Darts
In data streaming pipelines, in certain cases, not entire data is present in the event itself. One scenario for such cases can be where some particular information is present in form of static data that you need in runtime. DARTS(Dagger Refer-Table Service) allows you to join streaming data from a reference data store. It supports reference data store in the form of a list or <key, value> map. It enables the refer-table with the help of UDFs which can be used in the SQL query. Currently, we only support GCS as a reference data source.
Types of DARTS
We currently support only GCS as an external static data source. In order to utilize this data directly into Dagger SQL queries, we have enabled two different types of functions.
#
DartGetThis UDF can be used in cases where we want to fetch static information from a <key, value> mapping. In this case, the key can be a field from input Kafka topic and corresponding value can be fetched from remote store(GCS). You can read more about this UDF here.
#
ExampleLet’s assume we need to find out the number of bookings getting completed in a particular District per minute. The input schema only has information regarding service_area_id but not the District. The mapping of service_area_id to District is present in a static key-value map. We can utilize DartGet in order to get this information in our query.

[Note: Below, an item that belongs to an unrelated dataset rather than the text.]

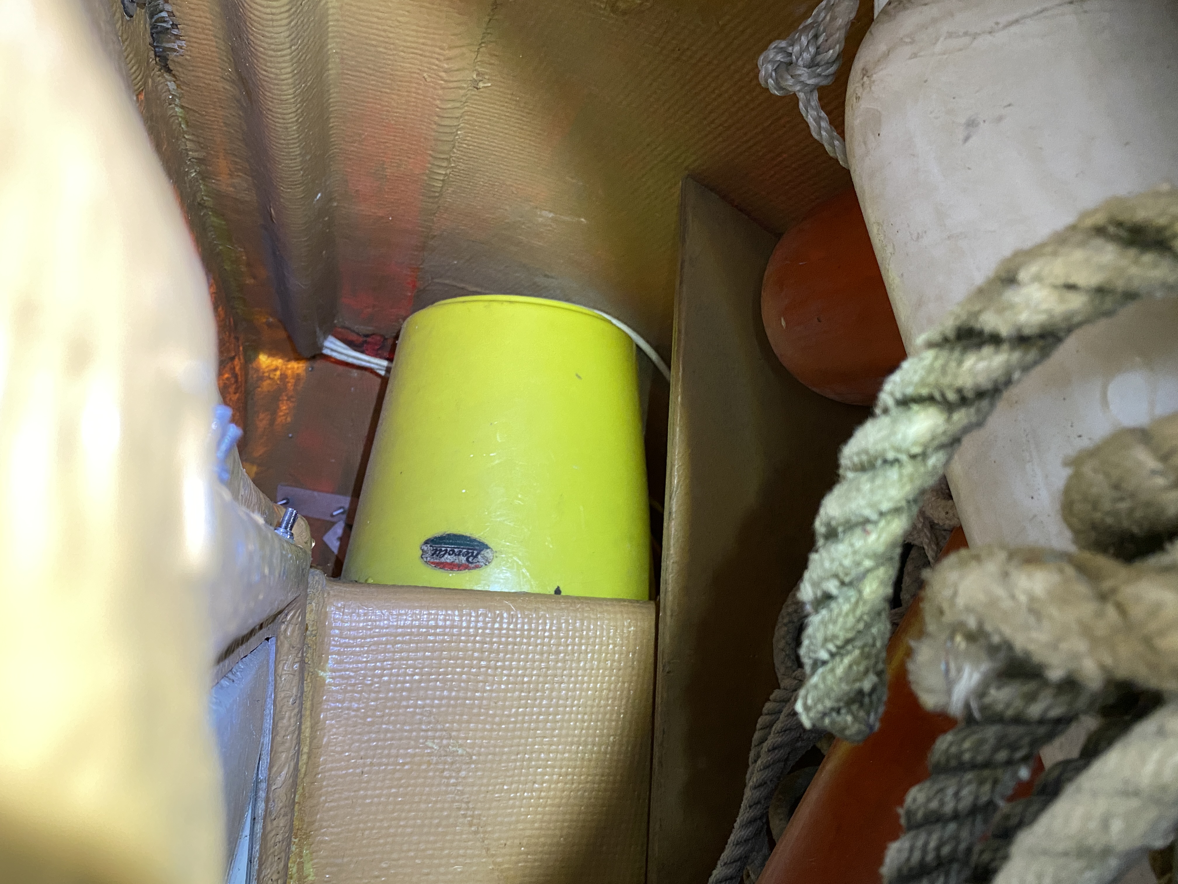 den gelben Eimer auf der Backbordseite hatte ich auch, allerdings ohne Kabel. War zum Schluss gekommen, so sollte die Achterpiek für die Lagerung eines Aussenborders in Querrichtung verbeitert werden.

Sample input schema for booking
message SampleBookingInfo { string order_number = 1; string order_url = 2; Status.Enum status = 3; google.protobuf.Timestamp event_timestamp = 4; string customer_id = 5; string service_area_id = 6;}
Sample static data for serviceAreaId-to-district mapping
{ "1": "district1", "2": "district2", "3": "district3", "4": "district4"}
Sample Query
# here booking denotes the booking events stream with the sample input schemaSELECT COUNT(DISTINCT order_number) as completed_bookings, DartGet('serviceAreaId-to-district/data.json', service_area_id, 24) AS district, TUMBLE_END(rowtime, INTERVAL '60' SECOND) AS window_timestampFROM bookingWHERE status = 'COMPLETED'GROUP BY DartGet('serviceAreaId-to-district/data.json', service_area_id, 24), TUMBLE (rowtime, INTERVAL '60' SECOND)
#
DartContainsThis UDF can be used in cases where we want to verify the presence of a key in a static list present remotely in GCS. You can read more about this UDF here.
#
ExampleLet’s assume we need to count the number of completed bookings per minute but excluding a few blacklisted customers. This static list of blacklisted customers is present remotely. We can utilize DartContains UDF here.
Sample input schema for booking
message SampleBookingInfo { string order_number = 1; string order_url = 2; Status.Enum status = 3; google.protobuf.Timestamp event_timestamp = 4; string customer_id = 5; string service_area_id = 6;}
Sample static data for blacklisted-customers
{ "data": ["1", "2", "3", "4"]}
Sample Query
# here booking denotes the booking events stream with the sample input schemaSELECT COUNT(DISTINCT order_number) as completed_bookings, TUMBLE_END(rowtime, INTERVAL '60' SECOND) AS window_timestampFROM bookingWHERE status = 'COMPLETED' AND NOT DartContains('blacklisted-customers/data.json', customer_id, 24)GROUP BY TUMBLE (rowtime, INTERVAL '60' SECOND)
Note: To use DartContains you need to provide the data in the form of a JSON array with Key as data
always.
#
ConfigurationsMost of DARTS configurations are via UDF contract, for other glabal configs refer here.
#
Properties common to both DARTS UDFs#
Persistence layerWe store all data references in GCS. We recommend using GCS where the data reference is not too big and updates are very few. GCS also offers a cost-effective solution.
We currently support storing data in a specific bucket, with a custom folder for every dart. The data is always kept in a file and you have to pass the relative path <custom-folder>/filename.json
. There should not be many reads as every time we read the list from GCS we read the whole selected list and cache it in Dagger.
#
Caching mechanismDart fetches the data from GCS after configurable refresh period or when entire data is missing from the cache or is empty. After Dart fetches the data, it stores it in the application state.
#
Caching refresh rateWe have defined the refresh rate in hours. Users can set the refresh rate from the UDF contract. We set the default value as one hour in case Dart users don't bother about the refresh rate.
#
Updates in dataThere is a refresh rate as part of the UDF. This defines when the data will be reloaded into memory from the data store. So after one cycle from manual data update, the changes will reflect into the Dagger.